### EXERCISE INPUTS ###
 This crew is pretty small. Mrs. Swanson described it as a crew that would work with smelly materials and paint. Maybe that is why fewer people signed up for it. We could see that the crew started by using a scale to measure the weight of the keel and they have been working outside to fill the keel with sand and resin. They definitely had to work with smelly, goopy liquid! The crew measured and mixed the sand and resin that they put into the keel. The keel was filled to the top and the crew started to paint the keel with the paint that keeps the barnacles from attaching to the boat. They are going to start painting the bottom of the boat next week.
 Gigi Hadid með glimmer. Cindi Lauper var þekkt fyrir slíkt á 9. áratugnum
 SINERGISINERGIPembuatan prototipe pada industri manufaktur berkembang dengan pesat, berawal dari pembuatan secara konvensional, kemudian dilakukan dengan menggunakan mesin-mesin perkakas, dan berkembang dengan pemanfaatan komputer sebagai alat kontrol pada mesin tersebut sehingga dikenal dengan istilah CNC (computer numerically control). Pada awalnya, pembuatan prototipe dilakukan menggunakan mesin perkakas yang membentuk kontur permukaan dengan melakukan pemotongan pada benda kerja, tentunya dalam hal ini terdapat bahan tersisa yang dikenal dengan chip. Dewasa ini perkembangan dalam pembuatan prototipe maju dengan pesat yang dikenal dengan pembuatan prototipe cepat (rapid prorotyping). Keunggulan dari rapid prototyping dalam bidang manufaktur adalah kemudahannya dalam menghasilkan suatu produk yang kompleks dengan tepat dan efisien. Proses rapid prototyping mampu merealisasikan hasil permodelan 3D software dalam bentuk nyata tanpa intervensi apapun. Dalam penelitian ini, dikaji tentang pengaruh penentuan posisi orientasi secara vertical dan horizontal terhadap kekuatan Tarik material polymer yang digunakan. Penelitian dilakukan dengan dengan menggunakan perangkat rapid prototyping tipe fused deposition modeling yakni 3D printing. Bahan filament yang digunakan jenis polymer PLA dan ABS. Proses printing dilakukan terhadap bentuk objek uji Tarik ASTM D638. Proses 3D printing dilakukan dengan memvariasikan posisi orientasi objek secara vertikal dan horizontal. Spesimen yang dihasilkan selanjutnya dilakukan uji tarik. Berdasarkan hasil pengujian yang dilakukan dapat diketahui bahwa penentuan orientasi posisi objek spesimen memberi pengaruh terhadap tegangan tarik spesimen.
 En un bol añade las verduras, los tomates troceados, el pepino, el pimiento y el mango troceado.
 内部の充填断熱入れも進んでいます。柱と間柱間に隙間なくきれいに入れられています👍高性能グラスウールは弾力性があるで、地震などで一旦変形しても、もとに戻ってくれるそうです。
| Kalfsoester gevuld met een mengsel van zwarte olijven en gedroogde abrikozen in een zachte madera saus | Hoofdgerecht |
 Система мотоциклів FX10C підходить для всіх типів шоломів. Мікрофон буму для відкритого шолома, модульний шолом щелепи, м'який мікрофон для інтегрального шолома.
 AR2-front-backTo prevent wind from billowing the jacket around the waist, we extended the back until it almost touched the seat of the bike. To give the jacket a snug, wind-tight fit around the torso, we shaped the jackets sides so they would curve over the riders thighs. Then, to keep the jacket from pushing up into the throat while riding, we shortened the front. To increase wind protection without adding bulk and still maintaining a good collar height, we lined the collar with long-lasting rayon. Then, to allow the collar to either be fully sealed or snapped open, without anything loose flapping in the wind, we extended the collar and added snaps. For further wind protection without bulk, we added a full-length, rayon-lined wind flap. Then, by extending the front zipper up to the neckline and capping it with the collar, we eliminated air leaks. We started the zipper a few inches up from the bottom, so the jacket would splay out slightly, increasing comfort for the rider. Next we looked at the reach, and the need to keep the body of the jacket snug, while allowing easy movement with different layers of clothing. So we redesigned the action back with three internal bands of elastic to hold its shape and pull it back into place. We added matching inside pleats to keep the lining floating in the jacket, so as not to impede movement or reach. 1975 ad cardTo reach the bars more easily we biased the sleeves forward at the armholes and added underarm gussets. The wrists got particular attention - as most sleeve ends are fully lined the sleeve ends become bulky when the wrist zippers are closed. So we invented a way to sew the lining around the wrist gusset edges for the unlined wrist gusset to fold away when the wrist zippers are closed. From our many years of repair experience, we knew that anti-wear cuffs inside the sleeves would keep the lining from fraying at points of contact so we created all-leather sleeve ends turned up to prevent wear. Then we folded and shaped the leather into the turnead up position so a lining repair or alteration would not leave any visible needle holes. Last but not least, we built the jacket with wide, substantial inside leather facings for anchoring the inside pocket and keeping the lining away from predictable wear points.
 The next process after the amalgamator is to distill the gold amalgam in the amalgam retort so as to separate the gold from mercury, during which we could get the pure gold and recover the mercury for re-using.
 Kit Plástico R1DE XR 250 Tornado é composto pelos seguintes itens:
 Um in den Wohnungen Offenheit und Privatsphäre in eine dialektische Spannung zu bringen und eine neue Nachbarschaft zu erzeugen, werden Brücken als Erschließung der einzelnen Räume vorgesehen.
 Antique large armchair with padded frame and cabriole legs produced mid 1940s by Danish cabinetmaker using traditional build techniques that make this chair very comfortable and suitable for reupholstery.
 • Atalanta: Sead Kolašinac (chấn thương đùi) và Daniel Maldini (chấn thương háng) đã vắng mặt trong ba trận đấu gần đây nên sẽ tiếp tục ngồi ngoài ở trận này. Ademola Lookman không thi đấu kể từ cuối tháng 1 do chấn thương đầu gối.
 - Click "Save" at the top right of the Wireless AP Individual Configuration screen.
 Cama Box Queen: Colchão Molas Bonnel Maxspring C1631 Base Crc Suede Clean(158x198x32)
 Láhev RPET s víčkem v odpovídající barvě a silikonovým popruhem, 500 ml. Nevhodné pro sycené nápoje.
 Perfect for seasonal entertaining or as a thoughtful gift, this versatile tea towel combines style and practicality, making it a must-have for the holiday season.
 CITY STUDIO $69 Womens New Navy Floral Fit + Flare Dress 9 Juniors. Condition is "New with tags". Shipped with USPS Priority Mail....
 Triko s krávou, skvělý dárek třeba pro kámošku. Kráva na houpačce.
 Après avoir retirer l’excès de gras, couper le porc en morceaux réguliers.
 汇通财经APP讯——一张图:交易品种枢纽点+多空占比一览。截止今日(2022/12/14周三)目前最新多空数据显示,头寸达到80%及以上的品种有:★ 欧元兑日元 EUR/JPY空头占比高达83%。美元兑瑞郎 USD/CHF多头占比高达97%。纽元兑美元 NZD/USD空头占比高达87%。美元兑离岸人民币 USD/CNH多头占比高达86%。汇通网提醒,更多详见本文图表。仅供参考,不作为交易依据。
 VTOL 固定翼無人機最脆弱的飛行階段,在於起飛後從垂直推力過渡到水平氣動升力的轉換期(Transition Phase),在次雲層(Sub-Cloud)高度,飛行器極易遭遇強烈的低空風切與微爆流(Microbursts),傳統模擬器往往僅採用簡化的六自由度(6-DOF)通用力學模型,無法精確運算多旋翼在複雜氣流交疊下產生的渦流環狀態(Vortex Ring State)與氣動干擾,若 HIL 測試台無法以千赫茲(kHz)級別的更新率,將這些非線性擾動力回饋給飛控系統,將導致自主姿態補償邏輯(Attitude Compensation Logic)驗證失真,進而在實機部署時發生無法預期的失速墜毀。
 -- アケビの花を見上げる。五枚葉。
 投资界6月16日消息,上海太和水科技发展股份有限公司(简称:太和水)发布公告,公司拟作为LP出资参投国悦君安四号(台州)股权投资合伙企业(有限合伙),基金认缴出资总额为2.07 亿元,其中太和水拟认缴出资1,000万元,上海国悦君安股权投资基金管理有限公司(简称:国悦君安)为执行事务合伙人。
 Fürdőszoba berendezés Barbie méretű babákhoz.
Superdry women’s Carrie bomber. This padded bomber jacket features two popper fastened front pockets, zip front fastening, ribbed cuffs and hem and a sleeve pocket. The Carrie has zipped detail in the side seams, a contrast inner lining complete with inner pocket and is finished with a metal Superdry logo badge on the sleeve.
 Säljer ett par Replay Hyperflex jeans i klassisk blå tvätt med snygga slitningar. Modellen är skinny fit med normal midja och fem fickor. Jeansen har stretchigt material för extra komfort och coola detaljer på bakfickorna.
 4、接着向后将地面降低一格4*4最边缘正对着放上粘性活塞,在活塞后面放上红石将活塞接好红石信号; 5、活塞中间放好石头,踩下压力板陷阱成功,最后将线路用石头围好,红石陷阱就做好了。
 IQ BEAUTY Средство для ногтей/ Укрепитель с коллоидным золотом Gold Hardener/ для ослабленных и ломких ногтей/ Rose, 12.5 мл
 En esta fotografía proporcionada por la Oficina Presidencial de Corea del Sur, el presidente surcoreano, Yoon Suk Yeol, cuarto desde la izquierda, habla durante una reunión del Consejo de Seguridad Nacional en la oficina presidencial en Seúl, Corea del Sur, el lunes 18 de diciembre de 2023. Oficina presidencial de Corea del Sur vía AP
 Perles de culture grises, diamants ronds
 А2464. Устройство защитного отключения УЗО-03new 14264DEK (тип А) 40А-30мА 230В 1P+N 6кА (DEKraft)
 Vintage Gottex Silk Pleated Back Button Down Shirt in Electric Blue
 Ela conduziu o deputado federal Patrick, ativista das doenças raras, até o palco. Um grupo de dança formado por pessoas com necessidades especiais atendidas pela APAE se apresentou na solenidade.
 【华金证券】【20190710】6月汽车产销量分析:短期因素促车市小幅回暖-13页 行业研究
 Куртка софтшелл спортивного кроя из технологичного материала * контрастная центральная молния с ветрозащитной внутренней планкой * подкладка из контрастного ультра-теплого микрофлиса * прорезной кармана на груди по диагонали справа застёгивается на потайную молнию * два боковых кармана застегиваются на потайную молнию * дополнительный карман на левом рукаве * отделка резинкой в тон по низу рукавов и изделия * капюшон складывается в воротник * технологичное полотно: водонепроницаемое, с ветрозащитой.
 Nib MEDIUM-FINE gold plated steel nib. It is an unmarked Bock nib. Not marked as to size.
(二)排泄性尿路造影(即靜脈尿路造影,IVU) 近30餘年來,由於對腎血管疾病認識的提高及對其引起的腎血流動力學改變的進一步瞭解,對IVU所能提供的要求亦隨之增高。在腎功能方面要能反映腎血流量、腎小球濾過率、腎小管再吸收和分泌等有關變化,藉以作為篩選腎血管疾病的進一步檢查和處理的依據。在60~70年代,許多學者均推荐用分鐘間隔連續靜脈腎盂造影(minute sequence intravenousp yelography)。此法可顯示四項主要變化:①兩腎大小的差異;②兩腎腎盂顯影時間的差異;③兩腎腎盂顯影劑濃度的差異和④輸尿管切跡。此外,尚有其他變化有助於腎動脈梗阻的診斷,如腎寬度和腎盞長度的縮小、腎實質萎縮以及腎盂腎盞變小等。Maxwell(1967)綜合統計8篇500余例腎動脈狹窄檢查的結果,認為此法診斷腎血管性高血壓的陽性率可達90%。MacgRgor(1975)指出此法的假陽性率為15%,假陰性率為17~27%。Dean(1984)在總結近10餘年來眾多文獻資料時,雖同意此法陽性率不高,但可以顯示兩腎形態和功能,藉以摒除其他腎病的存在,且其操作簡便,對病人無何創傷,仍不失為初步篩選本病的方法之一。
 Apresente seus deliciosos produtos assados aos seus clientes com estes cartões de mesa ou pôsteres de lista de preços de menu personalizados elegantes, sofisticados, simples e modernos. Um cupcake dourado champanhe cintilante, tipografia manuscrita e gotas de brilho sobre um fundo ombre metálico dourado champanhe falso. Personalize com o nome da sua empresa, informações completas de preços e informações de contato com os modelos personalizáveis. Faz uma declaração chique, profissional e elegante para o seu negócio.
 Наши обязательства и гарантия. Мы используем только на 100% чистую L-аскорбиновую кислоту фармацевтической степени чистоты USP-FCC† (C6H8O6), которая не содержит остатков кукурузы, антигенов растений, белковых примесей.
###
### WHAT YOU WILL DO
Extract every line from the one with "Nib MEDIUM-FINE gold" down to the final line above, both included, exactly as written.

### RESULT OF THIS EXERCISE
 Nib MEDIUM-FINE gold plated steel nib. It is an unmarked Bock nib. Not marked as to size.
(二)排泄性尿路造影(即靜脈尿路造影,IVU) 近30餘年來,由於對腎血管疾病認識的提高及對其引起的腎血流動力學改變的進一步瞭解,對IVU所能提供的要求亦隨之增高。在腎功能方面要能反映腎血流量、腎小球濾過率、腎小管再吸收和分泌等有關變化,藉以作為篩選腎血管疾病的進一步檢查和處理的依據。在60~70年代,許多學者均推荐用分鐘間隔連續靜脈腎盂造影(minute sequence intravenousp yelography)。此法可顯示四項主要變化:①兩腎大小的差異;②兩腎腎盂顯影時間的差異;③兩腎腎盂顯影劑濃度的差異和④輸尿管切跡。此外,尚有其他變化有助於腎動脈梗阻的診斷,如腎寬度和腎盞長度的縮小、腎實質萎縮以及腎盂腎盞變小等。Maxwell(1967)綜合統計8篇500余例腎動脈狹窄檢查的結果,認為此法診斷腎血管性高血壓的陽性率可達90%。MacgRgor(1975)指出此法的假陽性率為15%,假陰性率為17~27%。Dean(1984)在總結近10餘年來眾多文獻資料時,雖同意此法陽性率不高,但可以顯示兩腎形態和功能,藉以摒除其他腎病的存在,且其操作簡便,對病人無何創傷,仍不失為初步篩選本病的方法之一。
 Apresente seus deliciosos produtos assados aos seus clientes com estes cartões de mesa ou pôsteres de lista de preços de menu personalizados elegantes, sofisticados, simples e modernos. Um cupcake dourado champanhe cintilante, tipografia manuscrita e gotas de brilho sobre um fundo ombre metálico dourado champanhe falso. Personalize com o nome da sua empresa, informações completas de preços e informações de contato com os modelos personalizáveis. Faz uma declaração chique, profissional e elegante para o seu negócio.
 Наши обязательства и гарантия. Мы используем только на 100% чистую L-аскорбиновую кислоту фармацевтической степени чистоты USP-FCC† (C6H8O6), которая не содержит остатков кукурузы, антигенов растений, белковых примесей.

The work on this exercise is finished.